━━ DATASET RECORDS
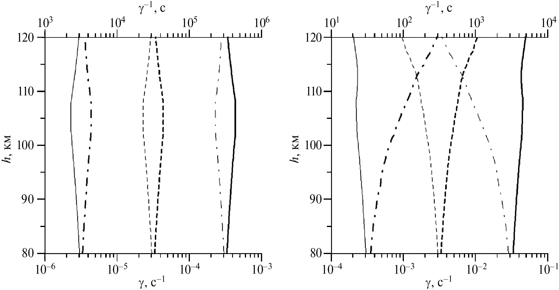 Как показывает численный анализ дисперсионного уравнения (11), инкремент неустойчивости достигает при некоторых значениях максимума γ. На рис. 2 приведены высотные профили для максимального инкремента и для величины γ–1, определяющей характерное время развития неустойчивости, при разных значениях концентраций и размеров пылевых частиц. Видно, что инкремент γ растет вместе с ростом пылевых параметров и, таким образом, должен ограничивать сверху максимальный размер микрочастицы пылевого облака.
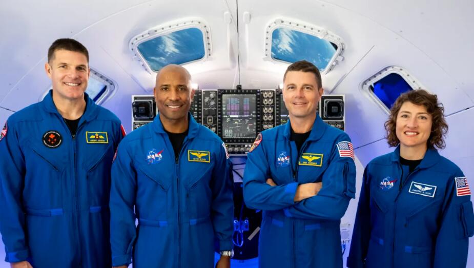 當地時間3月29日,「阿耳忒彌斯2號」繞月飛行任務太空人(左起)克里斯蒂娜·科赫、里德·懷斯曼(坐者)、維克多·格洛弗以及傑里米·漢森在美國休斯敦留影。(NASA供圖)
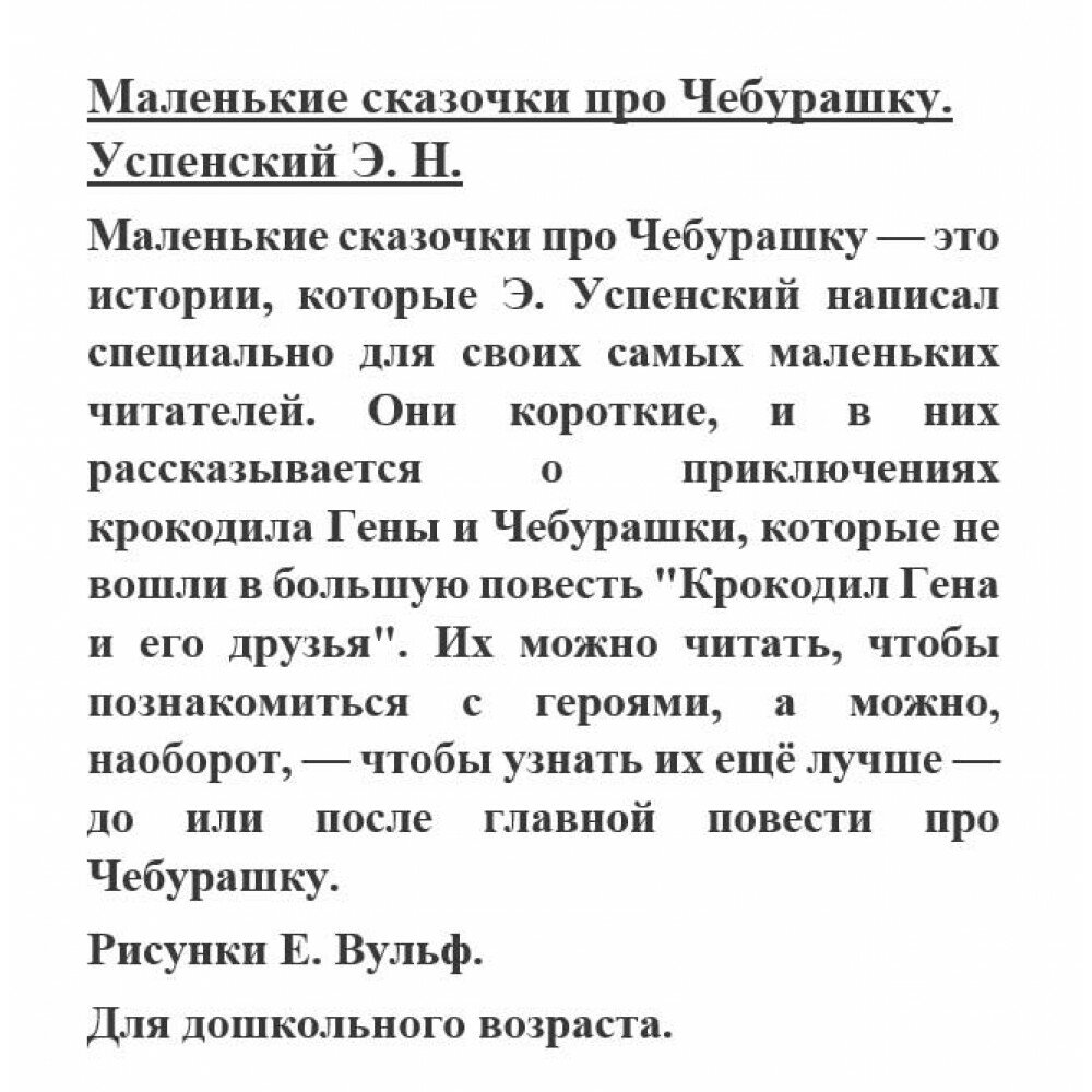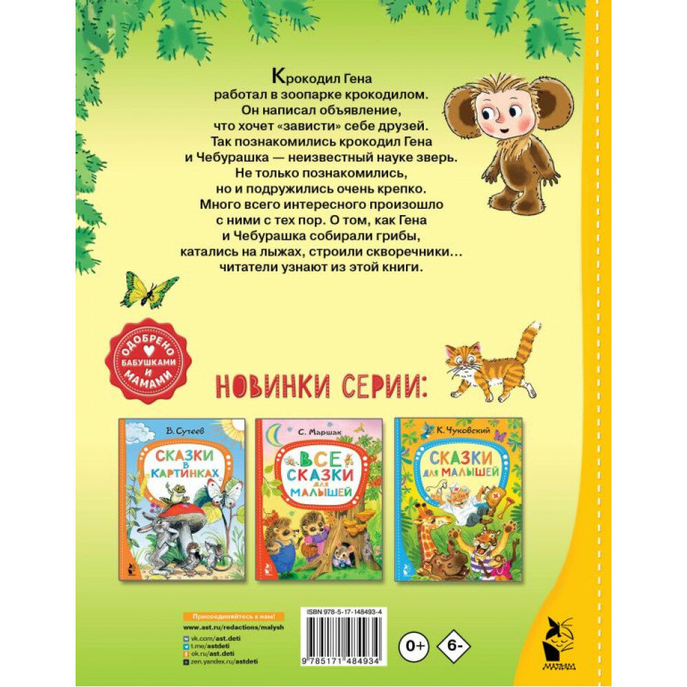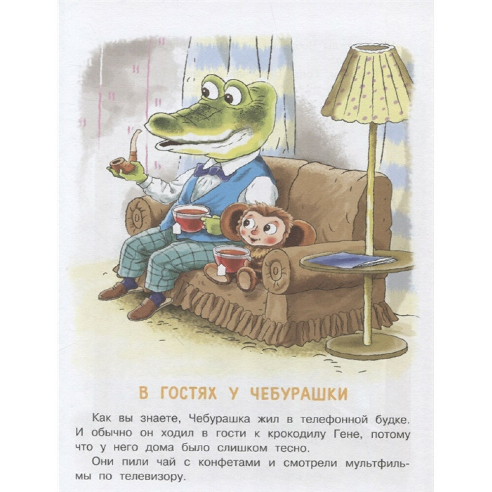 Очень милые сказки для малышей про всеми любимого Чебурашку . Я так поняла, что это альтернативные истории, которых не было в мультике. Купила своей доченьке, сейчас вместе начнем читать. А пока предварительно книжка очень красивая, приятные цвета на обложке, прям здорово!
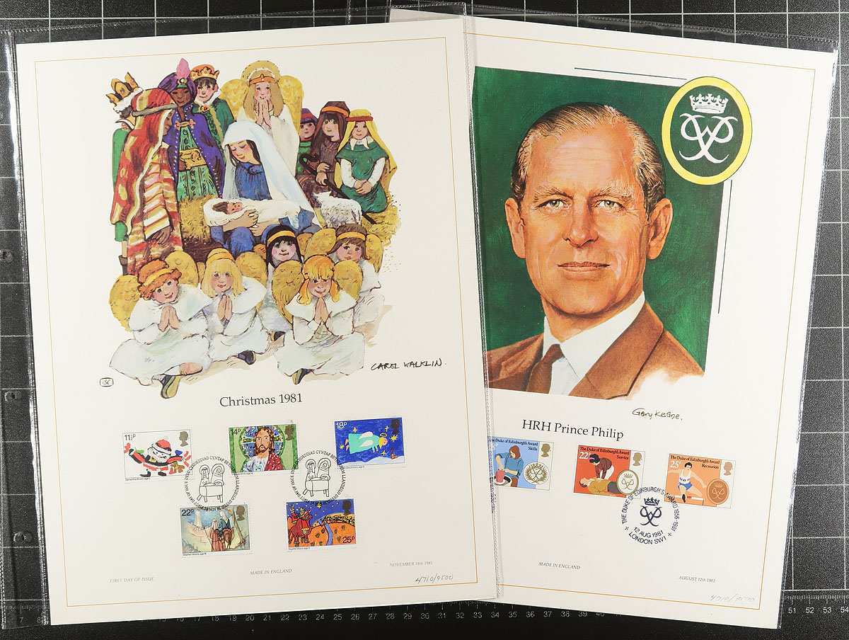 Large sized lithographed prints, with matching stamps and first day cancels. 28 different British panels (1979-1983), plus 5 from Guernsey and 1 from the Isle of Man. Each is housed in a specialty 4-hole plastic pouch. Some of the plastic pages have warped, but only one of the panels is damaged (unrelated to the condition of the plastic). Each is a limited production of 9500. We haven’t seen these catalogued and the lowest prices that we have seen online is $10.00 each. Estimate =
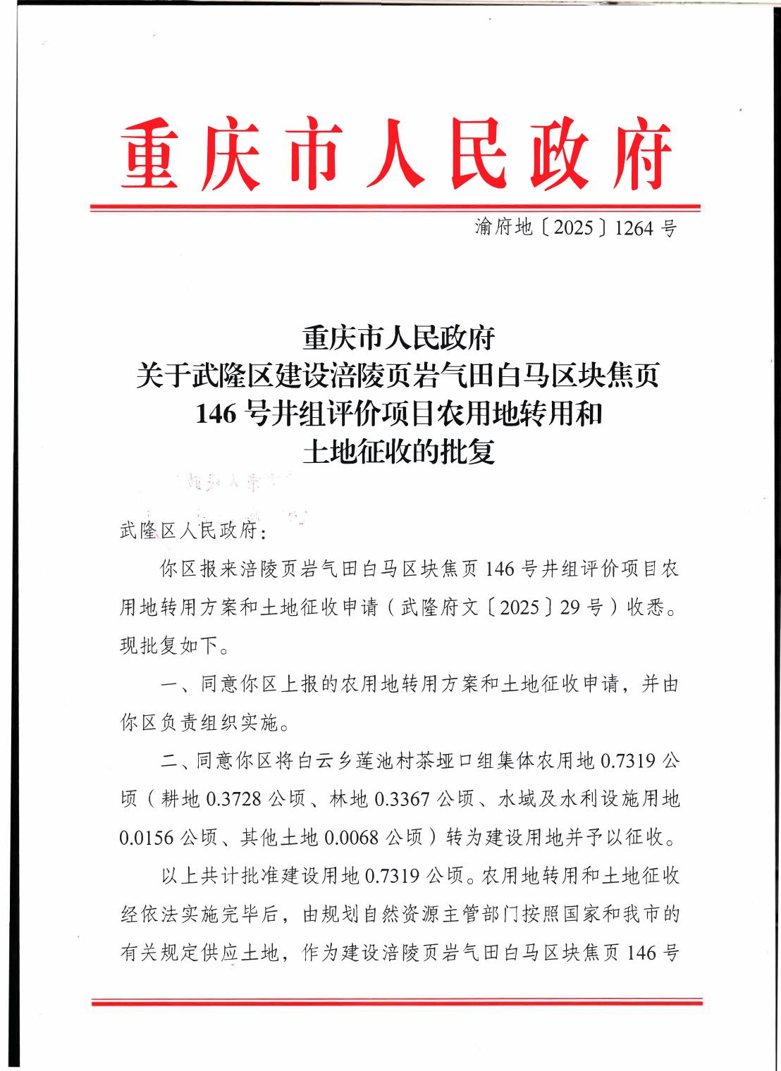 重庆市人民政府关于武隆区建设涪陵页岩气田白马区块焦页146号井组评价项目农用地转用和土地征收的批复
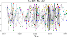 All experimental procedures were approved by the Animal Care and User Committee (ACUC) of the National Institute of Mental Health, USA and were carried out in accordance with the approved guidelines. Coronal slices from rat dorsolateral cortex (postnatal day 0–2; 350 μm thick) were attached to a poly-D-lysine coated 60-microelectrode array (MEA; Multichannelsystems, Germany) and grown at 35.5 in normal atmosphere in standard culture medium without antibiotics for 4–6 weeks before recording. Cortex slice cultures retain the cortical architecture of layers and corresponding cell types, as well as the mesoscopic and microcircuit organization in intrinsic cortical connectivity. Three sets of data have been used for the study, recorded in non-driven, driven and disinhibited conditions. The first one has been taken from Beggs et al.8 and consists of avalanche activity measured from cortex-striatum-substantia nigra triple cultures or single cortex cultures. In short, spontaneous avalanche activity is recorded outside the incubator in standard artificial cerebrospinal fluid (ACSF; laminar flow of 1 ml/min) under stationary conditions for up to 10 hrs. The second set has been taken from Stewart et al.46. Spontaneous avalanche activity is recorded inside an incubator in 600 μl of culture medium under sterile conditions for at least 5 hrs. The head stage with the MEA is rocked between ±75° with a sinusoidal trajectory and a pause of 10 s at the steepest angles before reversing direction (cycle time 200 s). The exposure to atmosphere at the steepest trajectory angles triggers transient neuronal activity increases. For the third data set, which has been described in Shew et al.47, bath application of the GABAA-receptor antagonist picrotoxin (PTX; ~3 μmol) is used. In all the three conditions we only consider spontaneous, non-stimulated activity. The spontaneous local field potential (LFP) is sampled continuously at 1 kHz at each electrode and low-pass filtered at 50 Hz. Negative deflections in the LFP (nLFP) are detected by crossing a noise threshold of −3 SD followed by negative peak detection within 20 ms. nLFP times and nLFP amplitudes are extracted. Neuronal avalanches are defined as spatio-temporal clusters of nLFPs on the MEA8. A neuronal avalanche consists of a consecutive series of time bins of width that contain at least one nLFP on any of the electrodes. Each avalanche is preceded and ended by at least one time bin with no activity. Without loss of generality, the present analysis is done with width
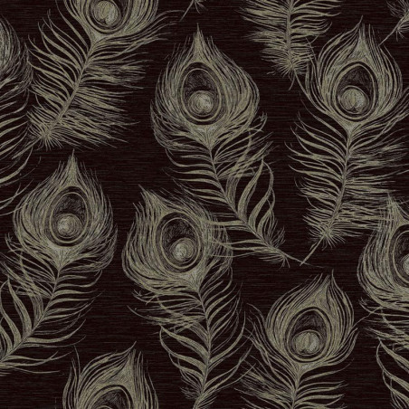 Papel pintado EV3942 Regal Peacock, en color negro, de la colección Casual Elegance. De la diseñadora Candice Olson para York Wallcoverings.
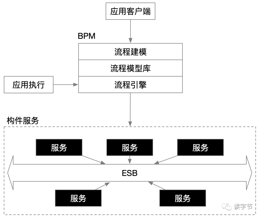如上图所示:这是一种SOA架构的解决方案,与ESB和BPM的基础中间件结合,BPM作为一个业务流程管理平台,很好的将SOA服务通过流程建模的形式,与业务流程逻辑联系在一起。那么这个过程中,BPM支撑SOA架构的业务流程协作问题,ESB支撑SOA架构的数据交换问题。这个架构体系是不是看起来就比较完整了!
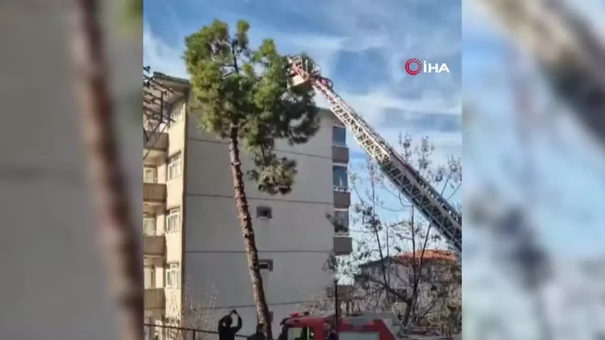 Günlerdir ağaçta mahsur kalan kedi, itfaiyenin çalışmasıyla kurtarıldı
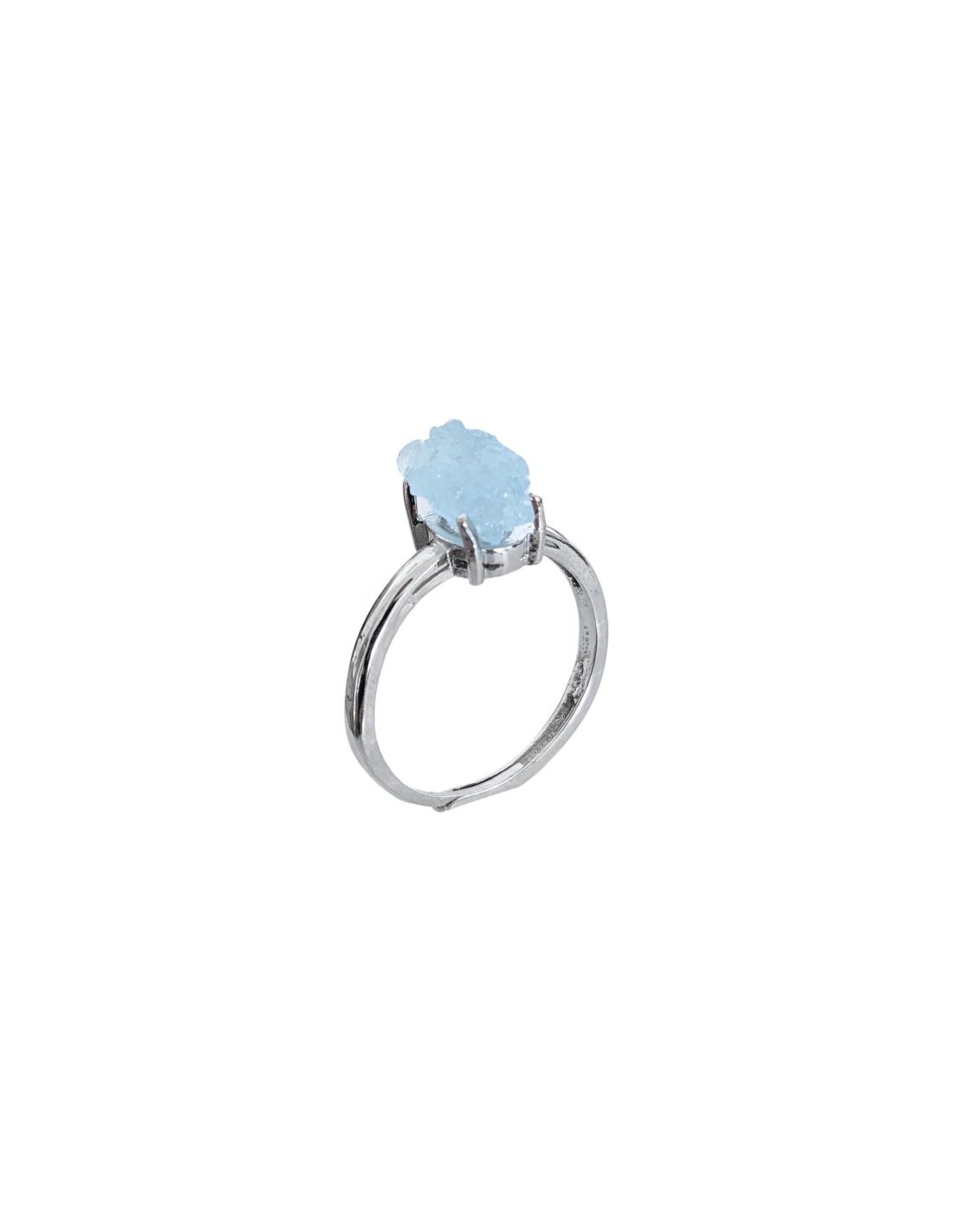 Anello con Acquamarina grezza in rame bianco
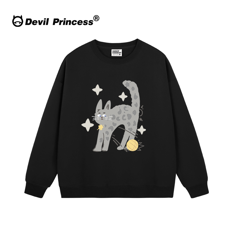 2025新款 黑色卫衣女超火ins风设计感卡通印花宽松显瘦卫衣女 薄款
━━━━
> TASK ITEM
Only the lines from the top of the data through the line with "當地時間3月29日,「阿耳忒" should be quoted, exactly and with both ends kept; skip the pictures.

> RESPONSE
 Как показывает численный анализ дисперсионного уравнения (11), инкремент неустойчивости достигает при некоторых значениях максимума γ. На рис. 2 приведены высотные профили для максимального инкремента и для величины γ–1, определяющей характерное время развития неустойчивости, при разных значениях концентраций и размеров пылевых частиц. Видно, что инкремент γ растет вместе с ростом пылевых параметров и, таким образом, должен ограничивать сверху максимальный размер микрочастицы пылевого облака.
 當地時間3月29日,「阿耳忒彌斯2號」繞月飛行任務太空人(左起)克里斯蒂娜·科赫、里德·懷斯曼(坐者)、維克多·格洛弗以及傑里米·漢森在美國休斯敦留影。(NASA供圖)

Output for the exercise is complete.